The phylodynamic estimate of Re of the main import clade was 2.16 (95% CI [1.81–2.52]) in May, and 1.27 (95% CI [1.09–1.44]) in June. In July, it dropped to 0.62 (95% CI [0.44–0.81]), and rose again to 1.00 (95% CI [0.79–1.20]) in August and 1.28 (95% CI [0.63–1.95]) in September, the last month covered by our genetic analysis (Fig. 4).

Figure 4.

Figure 4.

The estimated trajectory of the effective reproduction number Re for the main import Delta clade in Moscow. The gray line shows the 7-day rolling average of the daily number of new cases (independent of genotype) in Moscow.

Overall, this dynamic was consistent with epidemiological data, with increases in Re preceding rises in case counts (Fig. 4). Notably, the case counts before June include a large proportion of non-Delta cases; the reduction in number of non-Delta cases may partially explain why the rise in cases in May was slower than that predicted by the Re. Nevertheless, the high Re in May and June is consistent with the summer wave which peaked on June 25, and the low Re in July is consistent with the decline in case counts at that time (Fig. 4). This data confirms that the main import clade (AY.122) is responsible for the summer epidemic wave, and most probably for the ongoing autumn wave.

The success of the AY.122+ORF7a:P45L combination is probably not due to increased fitness

To explain the success of the nsp2:K81N+ORF7a:P45L combination in Russia, we hypothesized that it could arise from fitness advantage conferred by these two mutations.

The identity of these mutations does not lend strong support to this hypothesis. nsp2 is a rapidly evolving non-structural protein which was found to be localized to endosomes and viral replication-transcription complexes.
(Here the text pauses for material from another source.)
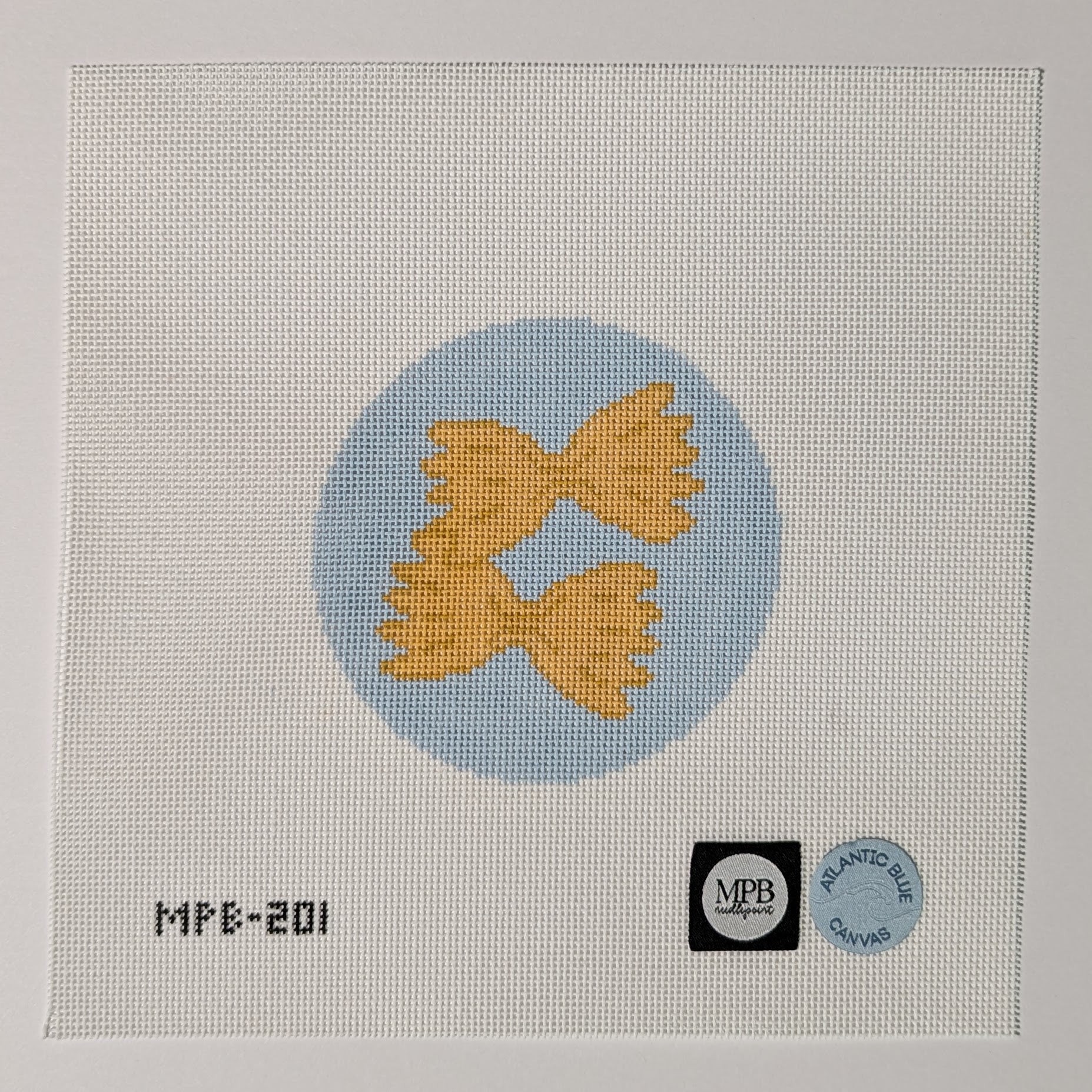 Get ready to stitch up some culinary charm with our delightful Bow Tie Pasta Round needlepoint canvas! This fun and whimsical design features a charming bow tie pasta motif, perfect for food lovers and stitch enthusiasts alike. Measuring approximately 4" round and crafted from 18 mesh, it's an ideal canvas for creating a decorative piece that’s sure to spice up your kitchen or make a unique gift for your favorite chef. Dive into this project and let your creativity boil to the surface!

Based on structural analysis and affinity purification mass spectrometry, it is thought to interact with multiple host proteins and mitochondrial RNA, and its suggested functions are engagement of mitochondria to viral replication sites and modulation of cellular endosomal pathway [37]. No signs of either positive or negative selection were found at site 81 of nsp2 (https://observablehq.com/@spond/evolutionary-annotation-of-sars-cov-2-covid-19-genomes-enab?collection=@spond/sars-cov-2) using FEL and MEME algorithms of HyPhy [38].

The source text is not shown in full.